● **Work task**: Beginning with the top line of the listing below, give again every line up to and including the line with "Bague solitaire or"; pictures do not belong in the copy.

● **Information supplied**:

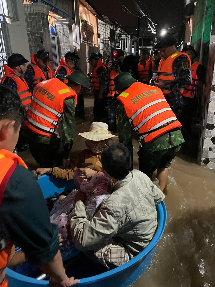 Suốt đêm 30-10, các lực lượng vũ trang, người dân huy động trang bị phương tiện để ứng cứu người dân vùng lũ.
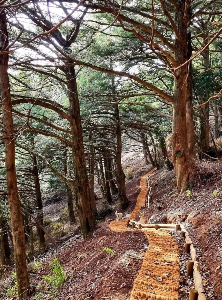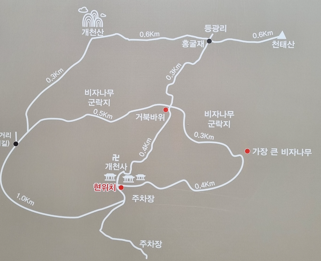 대웅전 왼쪽으로 등산로 이정표가 있다. 돌계단을 올라서 물탱크를 지나면 곧장 비자나무숲으로 연결된다. 이정표는 '개천산 0.9㎞'를 가리킨다. 마른 계곡 주변에는 고목 수준의 아름드리 비자나무들이 울창하다.
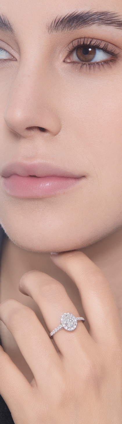 Bague solitaire or blanc 750 avec un diamant naturel central ovale GIA CT.1 F/VS
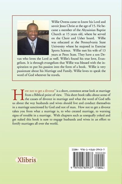 Willie L. Jr. OwensBroschiertes BuchHow Not to Get a Divorce Versandkostenfrei!Versandfertig in 1-2 Wochen13,99 €inkl. MwSt. Jetzt bewerten In den Warenkorb PAYBACK Punkte 7 °P sammeln! BeschreibungBewertungProduktdetails How Not to Get a Divorce ProduktdetailsVerlag: XlibrisSeitenzahl: 54Erscheinungstermin: 14. Januar 2011 EnglischAbmessung: 229mm x 152mm x 3mmGewicht: 95gISBN-13: 9781456839437ISBN-10: 1456839438Artikelnr.: 33086959HerstellerkennzeichnungLibri GmbHEuropaallee 136244 Bad Hersfeldgpsr@libri.de Für dieses Produkt wurde noch keine Bewertung abgegeben. Wir würden uns sehr freuen, wenn du die erste Bewertung schreibst! Eine Bewertung schreiben Andere Kunden interessierten sich für Barrister Julie D. … The Monster Called Divorce 18,99 € Lenard Marlow To Divorce or Not to Divorce 16,99 € David J. Hathaway How to Become a Better Me 20,99 € Don White, John … Fragments to Mosaic 51,99 € Cattina C. … To Have, To Hold, and To Never Let Go 17,99 € Fritz Dorce On Your Way to a Healthier You 14,99 € Dorothy Sicard Called To Happiness 17,99 € Mark A. Dunn Yesterday's History and Tomorrow's a … 14,99 € Loretto … The Twelve Step Program to Writing Your … 18,99 € Glenn Chambers A 1,000 Ways to a Better Life 17,99 €
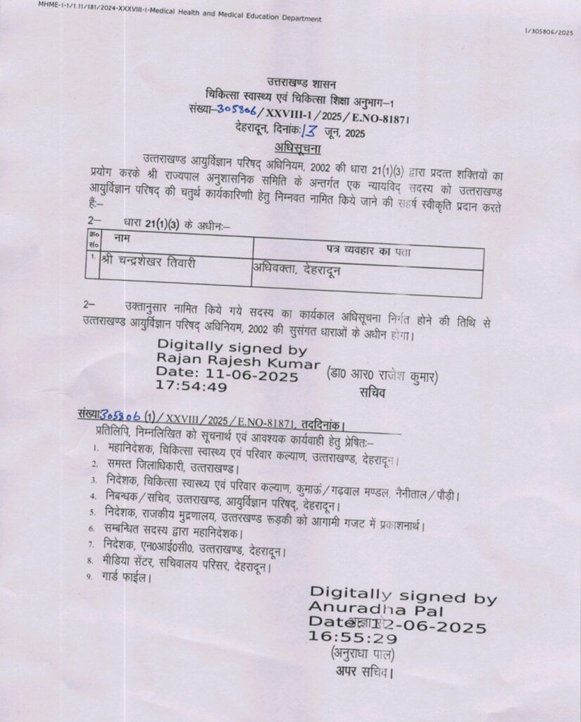 देहरादून: शासन ने वरिष्ठ अधिवक्ता चंद्रशेखर तिवारी को उत्तराखंड आयुर्विज्ञान परिषद में न्यायविद सदस्य सेवाओं के लिए नियुक्त किया है। सरकार के इस प्रस्ताव के उपरांत उत्तराखंड राज्यपाल की ओर से इस नियुक्ति के आदेश जारी किए गए। सरकार के अहम मामलों सहित कई महत्वपूर्ण कोर्ट केसों में अधिवक्ता चंद्रशेखर तिवारी की मजबूत पैरवी में अहम भूमिका रही। अब कानून की किताब को बेहतर ढंग से समझने वाले वरिष्ठ अधिवक्ता तिवारी को उत्तराखंड मेडिकल काउंसिल की न्यायविद प्रक्रिया में संवैधानिक पद पर सदस्य के रूप में नियुक्त किया गया हैं, जिसमें में वह अपनी कानूनी सेवाएं देंगे।

● **Answer box**:
 Suốt đêm 30-10, các lực lượng vũ trang, người dân huy động trang bị phương tiện để ứng cứu người dân vùng lũ.
 대웅전 왼쪽으로 등산로 이정표가 있다. 돌계단을 올라서 물탱크를 지나면 곧장 비자나무숲으로 연결된다. 이정표는 '개천산 0.9㎞'를 가리킨다. 마른 계곡 주변에는 고목 수준의 아름드리 비자나무들이 울창하다.
 Bague solitaire or blanc 750 avec un diamant naturel central ovale GIA CT.1 F/VS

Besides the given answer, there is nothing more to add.